[Directions] Begin at the line that holds "Samsung S95F to" and copy each line exactly until the data below ends, including that last line but no pictures.

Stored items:

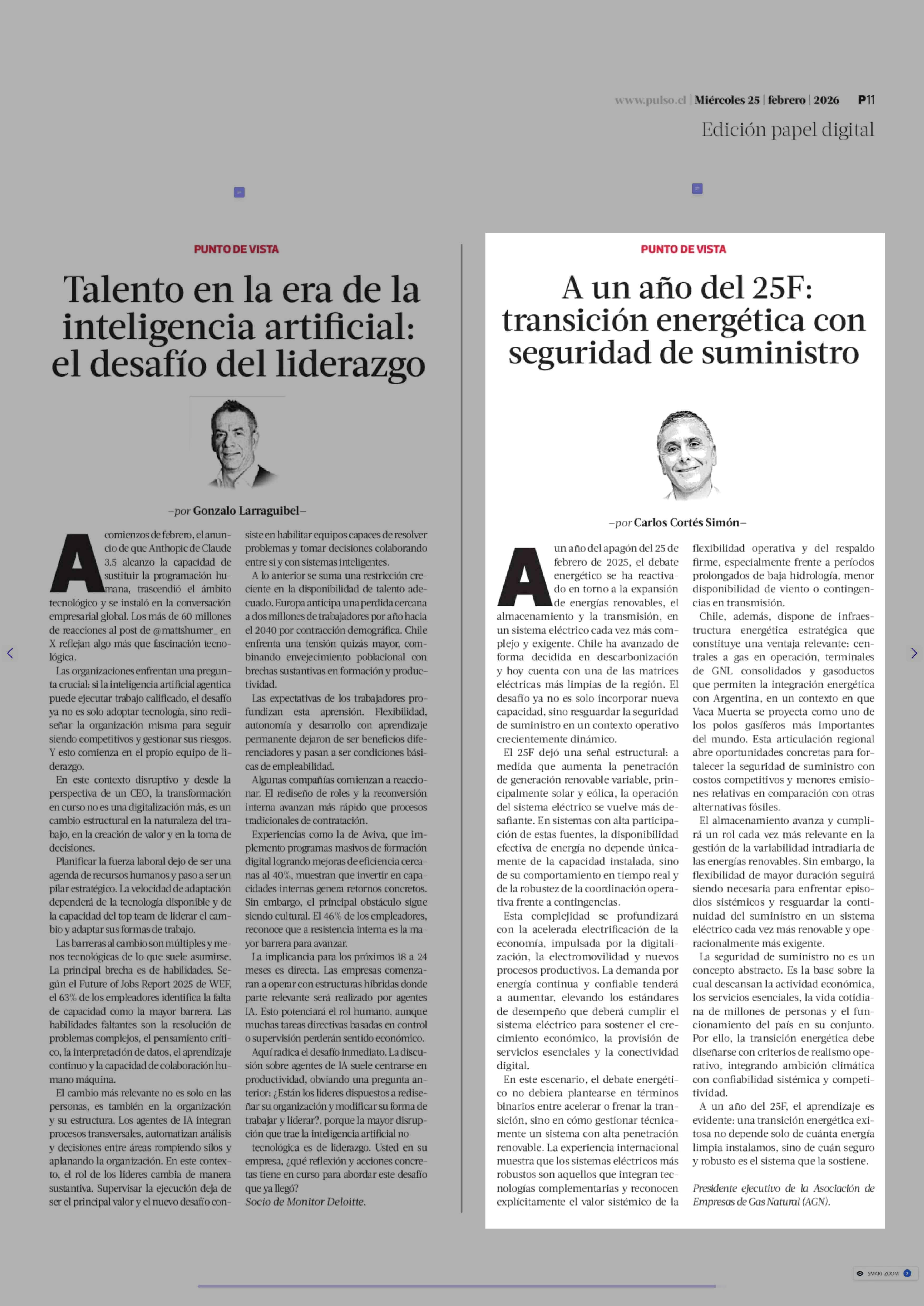 Columnas de Opinión: A un año del 25F: transición energética con seguridad de suministro 25-02-2026 La Tercera |
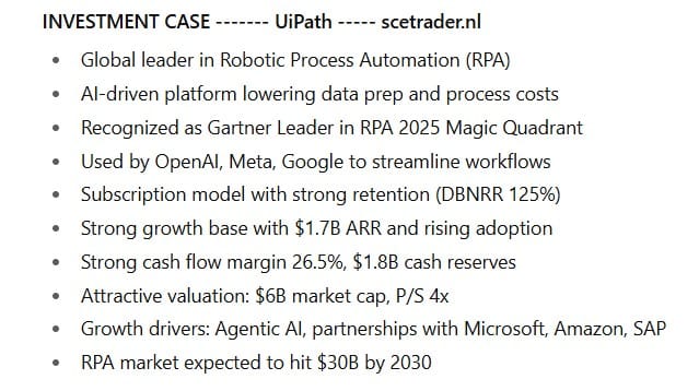 UiPath combineert marktleiderschap, sterke cashflow en een aantrekkelijke waardering met duidelijke groeikatalysatoren. Ondanks concurrentierisico’s en vertraagde winstgevendheid zien wij dit als een aantrekkelijk instapmoment. Wij gaan UiPath kopen.
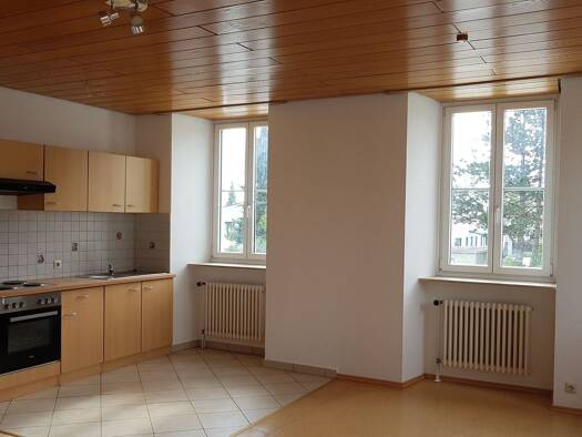 Objektbeschreibung Diese Maisonette-Wohnung befindet sich im 1. und 2. Dachgeschoß in einem 1998 bis 2000 vollständig und hochwertig kernsanierten Gebäude im Zentrum von Hüfingen und eignet sich für ...
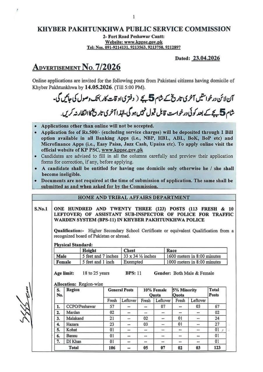 خیبر پختونخوا پولیس میں اے ایس آئی (میل / فی میل) کی بھرتیاں –
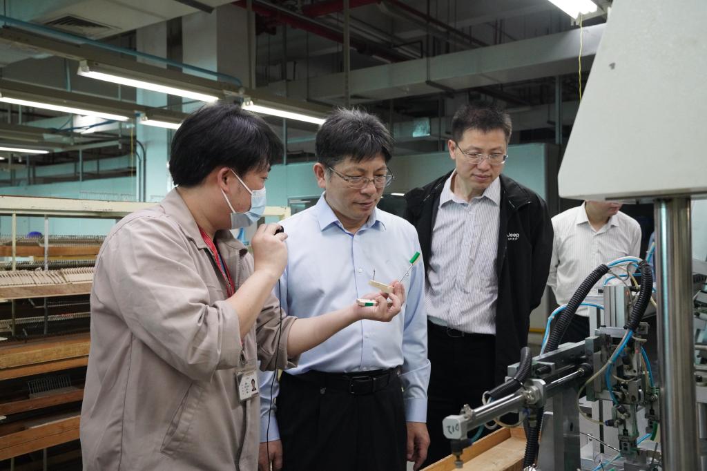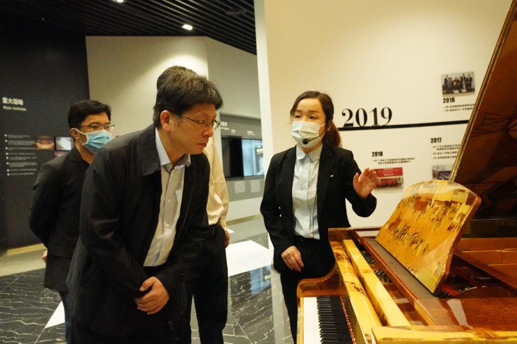 杨景波一行参观了珠江钢琴艺术馆和钢琴生产车间,了解珠江钢琴在钢琴制作、科技创新、产业升级等方面取得的成绩。
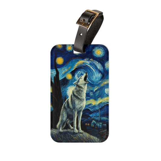 Lone Wolf Night Sky Luggage Tag | Starry Night-Inspired Travel Accessory | Mystical Wolf Baggage ID | Nature & Wilderness Lover Gift
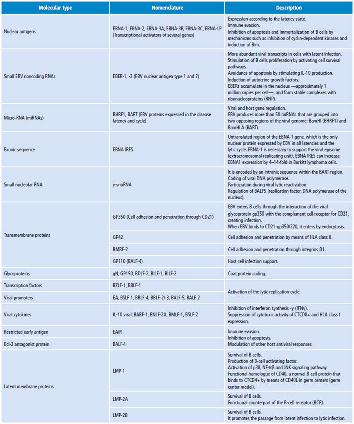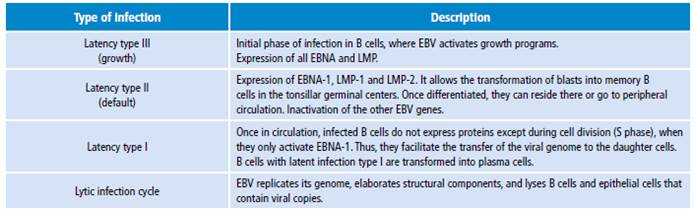 EBV also encodes EBNA (nuclear antigens) and LMP (latent membrane proteins), among other transcripts, that make way for it in the host. 16-18 The expression of different viral genes may vary according to the evolution of the early, latent (chronic) and transformation (neoplasm) infection (Table 2).
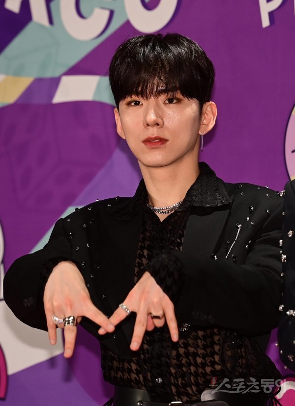그룹 몬스타엑스 기현이 7일 서울 마포구 상암동 CJ ENM 센터에서 열린 ‘KCON 2022 프리미어 인 서울’ 포토월에서 포즈를 취하고 있다.
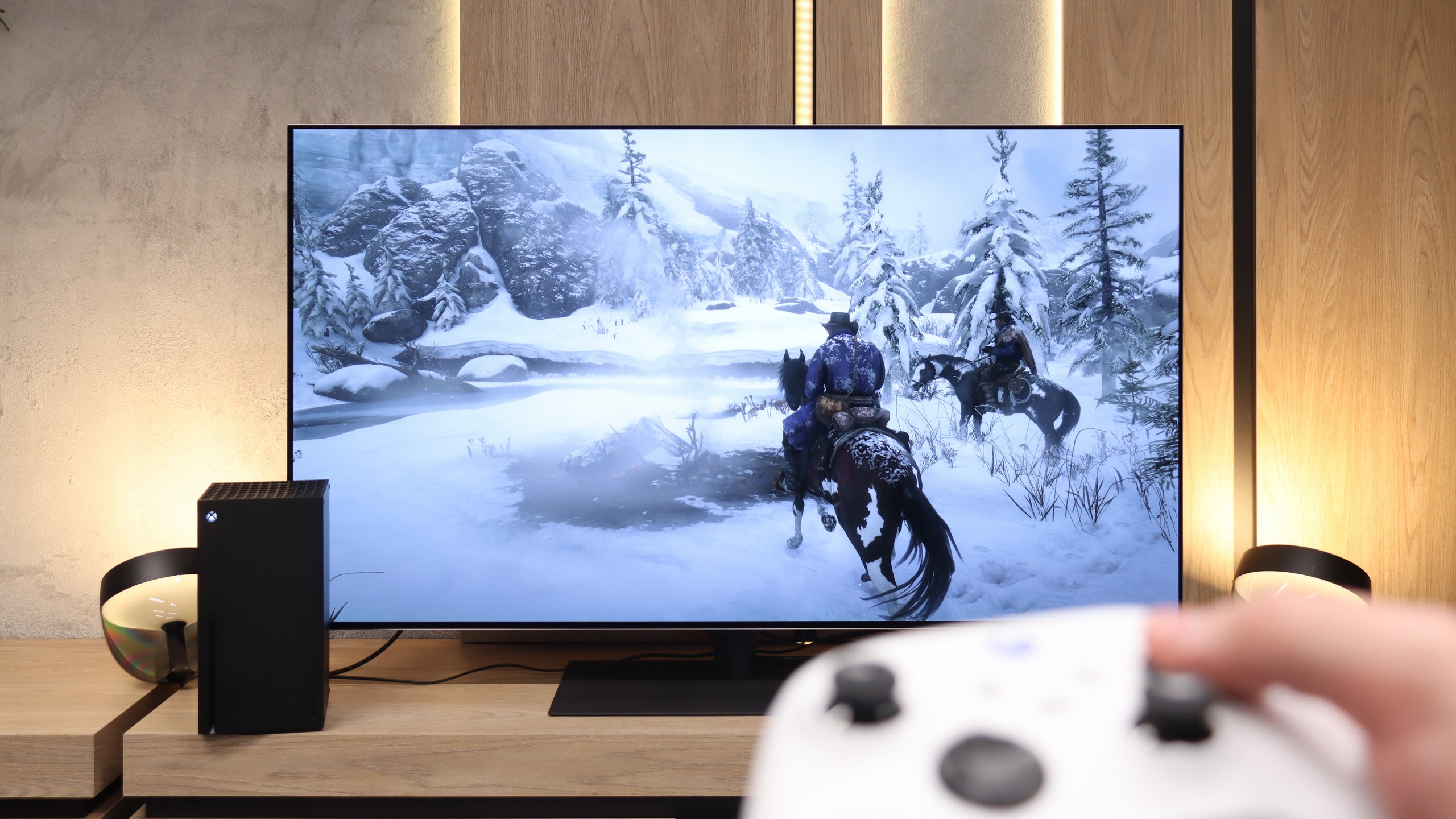 Samsung S95F to nie tylko ekran do filmów i gier, ale też świetnie rozwinięta platforma smart. System Tizen działa szybko i sprawnie – trudno tu trafić na przycięcia czy poważniejsze problemy. Na co dzień mamy wszystko, czego potrzeba: AirPlay, udostępnianie ekranu ze smartfona, wyszukiwanie głosowe (działające nawet bez pilota w dłoni). To system zamknięty, więc nie znajdziemy tu każdej aplikacji dostępnej w Androidzie, ale biblioteka jest na tyle bogata, że raczej nikt nie poczuje niedosytu. Do tego dochodzi SmartThings, czyli integracja z inteligentnym domem, dzięki czemu telewizor potrafi być czymś więcej niż tylko wyświetlaczem.
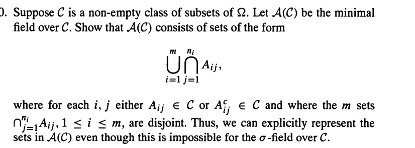 实变函数论——域——题解 Suppose C\mathcal{C}C is a non-empty class of subsets of Ω\OmegaΩ. Let A(C)\mathcal{A}(\mathcal{C})A(C) be the minimal field over C\mathcal{C}C. Show that A(C)\mathcal{A}(\mathcal{C})A(C) consists of sets of the form∪i=1m∩j=1niAij,\cup_{i=1}^{m}\cap_{j=1}
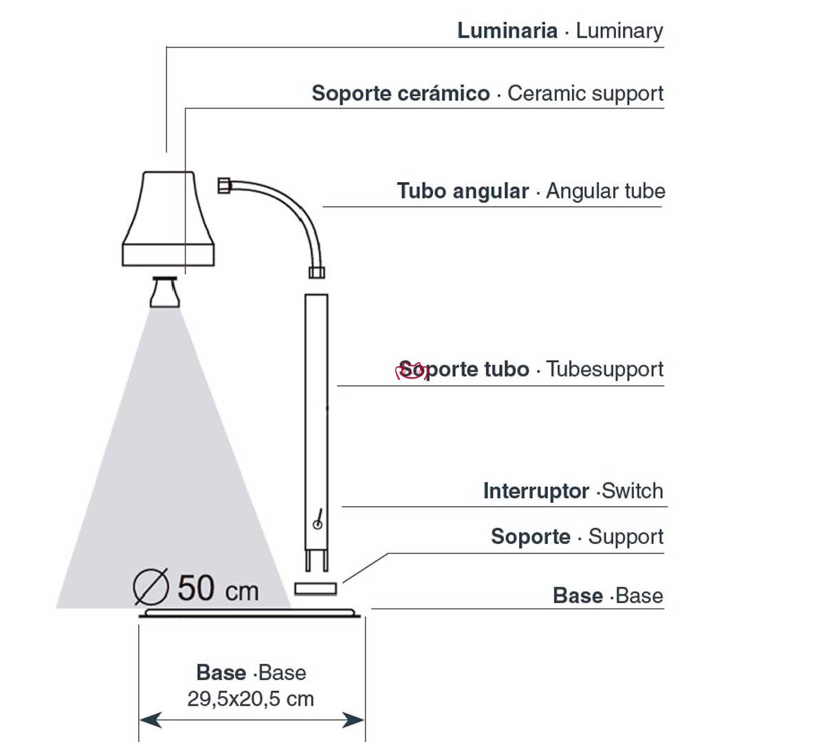 -建議將燈與餐具保持 50 - 60 厘米的距離。
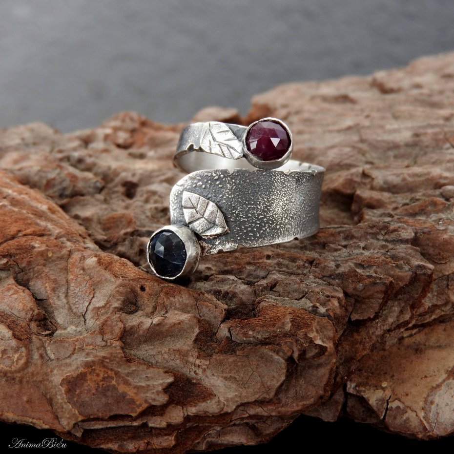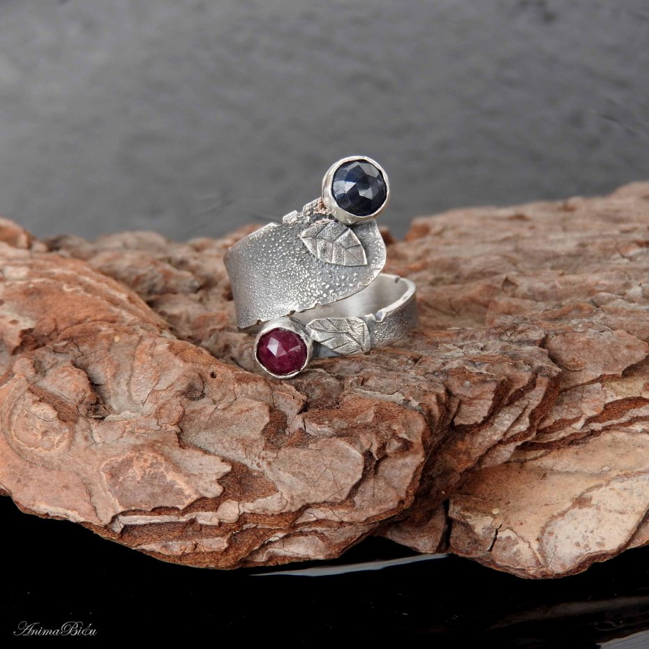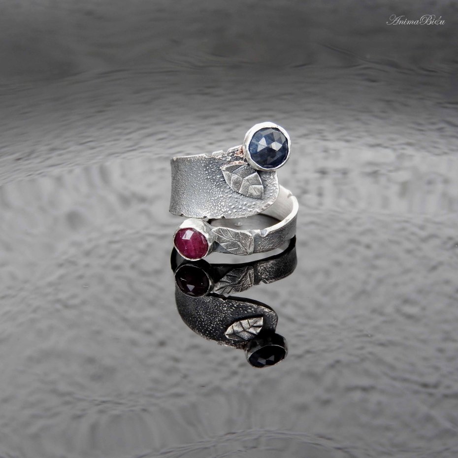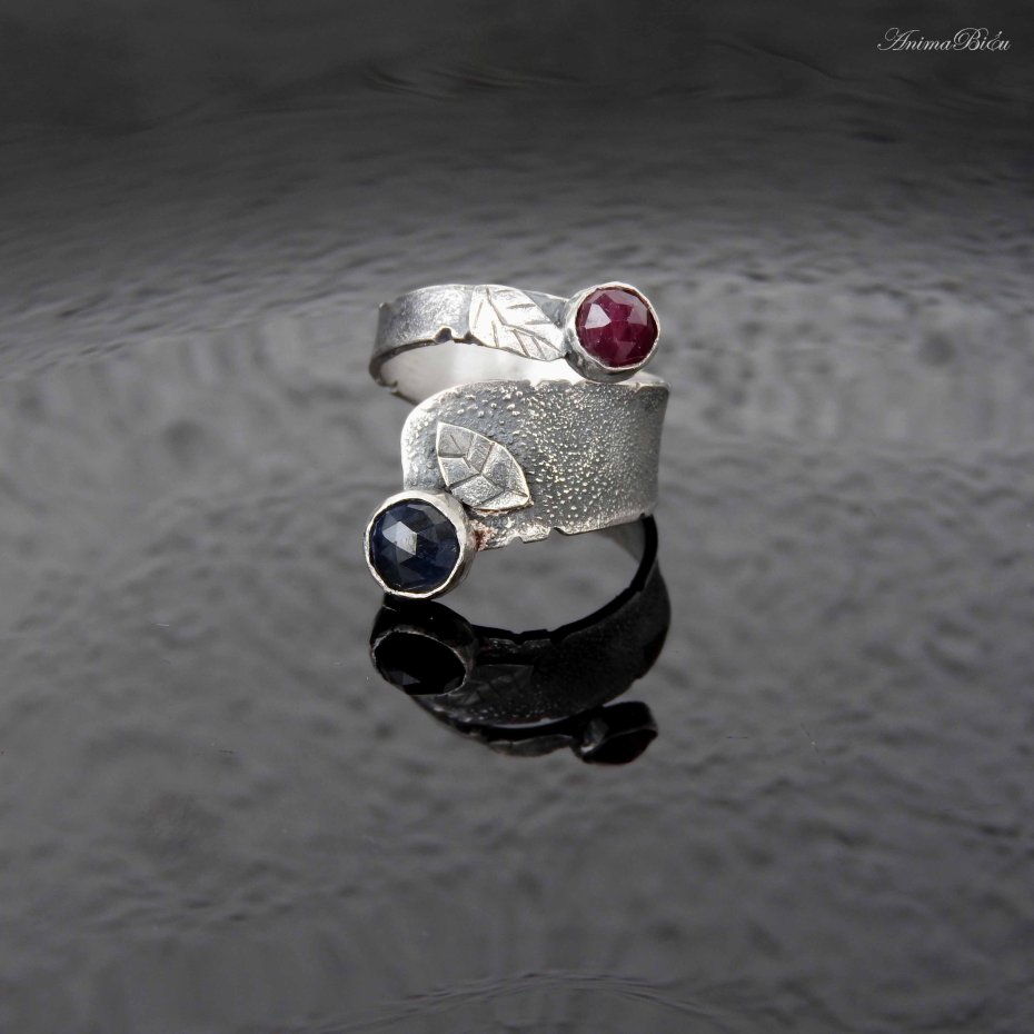 Obrączka srebrna z rubinem i szafirem. Obrączka powstała od podstaw ręcznie z fakturowanego srebra próby 925 i 999, które przyciemniłam i przetarłam. Oba kamienie mają fasetowaną powierzchnię, umieściłam je na przeciwległych biegunach obrączki, a przy każdej z koron mały, srebrny, rzeźbiony listek. Obrączka przy szafirze ma szerokość 12 mm, przy rubinie 4 mm. Rozmiar jest regulowany w zakresie od 16 do 23, przy zakupie proszę o podanie rozmiaru jaki mam ustawić. Waga: 6,2 g, w tym srebro 5,7g. Cechowana w Urzędzie probierczym.

[Expected answer]
 Samsung S95F to nie tylko ekran do filmów i gier, ale też świetnie rozwinięta platforma smart. System Tizen działa szybko i sprawnie – trudno tu trafić na przycięcia czy poważniejsze problemy. Na co dzień mamy wszystko, czego potrzeba: AirPlay, udostępnianie ekranu ze smartfona, wyszukiwanie głosowe (działające nawet bez pilota w dłoni). To system zamknięty, więc nie znajdziemy tu każdej aplikacji dostępnej w Androidzie, ale biblioteka jest na tyle bogata, że raczej nikt nie poczuje niedosytu. Do tego dochodzi SmartThings, czyli integracja z inteligentnym domem, dzięki czemu telewizor potrafi być czymś więcej niż tylko wyświetlaczem.
 实变函数论——域——题解 Suppose C\mathcal{C}C is a non-empty class of subsets of Ω\OmegaΩ. Let A(C)\mathcal{A}(\mathcal{C})A(C) be the minimal field over C\mathcal{C}C. Show that A(C)\mathcal{A}(\mathcal{C})A(C) consists of sets of the form∪i=1m∩j=1niAij,\cup_{i=1}^{m}\cap_{j=1}
 -建議將燈與餐具保持 50 - 60 厘米的距離。
 Obrączka srebrna z rubinem i szafirem. Obrączka powstała od podstaw ręcznie z fakturowanego srebra próby 925 i 999, które przyciemniłam i przetarłam. Oba kamienie mają fasetowaną powierzchnię, umieściłam je na przeciwległych biegunach obrączki, a przy każdej z koron mały, srebrny, rzeźbiony listek. Obrączka przy szafirze ma szerokość 12 mm, przy rubinie 4 mm. Rozmiar jest regulowany w zakresie od 16 do 23, przy zakupie proszę o podanie rozmiaru jaki mam ustawić. Waga: 6,2 g, w tym srebro 5,7g. Cechowana w Urzędzie probierczym.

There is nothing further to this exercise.